We hypothesized that i) there is a hyperclotting state after the return of atrial fibrillation to sinus rhythm, ii) the measurement of plasma D-Dimer levels might be a good screening tool of this clotting status, and iii) the duration of arrhythmia influences the haemostasis measured by plasma D-Dimer levels.
Forty-two patients with atrial fibrillation undergoing cardioversion were divided into two groups: in Group A (n = 24,14 male, 56 ± 11 years) the duration of atrial fibrillation was 72 hours or more (142.7 ± 103.8 hours), in Group B (n = 18, 10 male, 61 ± 13 years) the duration of atrial fibrillation was less than 72 hours (25 ± 16 hours). Plasma fibrin D-dimer levels were measured by enzyme immunoassay before, and 36 hours after, cardioversion. The change of plasma D-dimer levels 36 hours after cardioversion was calculated as delta-D-dimer.
There were no significant differences in demographic, clinical, and echocardiographic data, and the success of cardioversion between the two groups. Compared to the control, the baseline D-dimer levels were significantly higher in both groups. The delta D-dimer levels were significantly higher in Group A than in Group B (p < 0.005). Furthermore, plasma D-dimer levels 36 hours after cardioversion (r = 0.52, p = 0.0016) and delta-D-dimer levels (r = 0.73, p < 0.0001) showed significant correlations with the duration of atrial fibrillation.

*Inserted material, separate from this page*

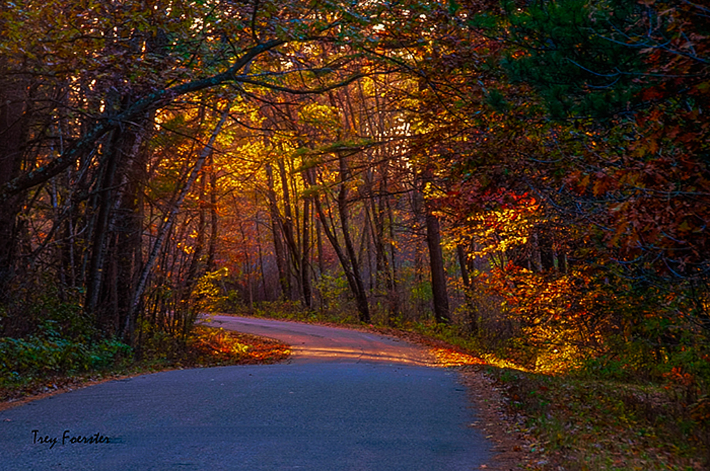 For me this image has great impact when the point of fixation is the beautiful ring of light created by the late day sun through the yellow and orange leaves. It appears to me that the sharpness and depth of field as well as the balance of color are well done.

The longer duration of the atrial fibrillation episode could lead to a more prominent cardiovascular hyperclotting state after cardioversion, and the mean changes of plasma D-Dimer levels could be used as an useful clinical marker of the clotting state after atrial systole return.
Atrial fibrillation is the most common sustained arrhythmia in clinical practice. It is associated with an increased risk of thrombus formation, resulting in substantial morbidity, with the augmented risk of stroke being the most serious. This could be explained by haemostasis conditions favouring thrombosis: previous studies have demonstrated that in most patients, AF is a high risk factor for hypercoagulability, irrespective of underlying structural heart diseases or aetiology [1–8].
In addition, it is well known that the direct current cardioversion of atrial fibrillation, especially if persisting >48 h, carries a great risk of thromboembolism, which extends to 5% of cases not receiving anticoagulant therapy. The mechanism and pathogenesis of thromboembolic episodes after restoration of sinus rhythm in these patients is not completely understood.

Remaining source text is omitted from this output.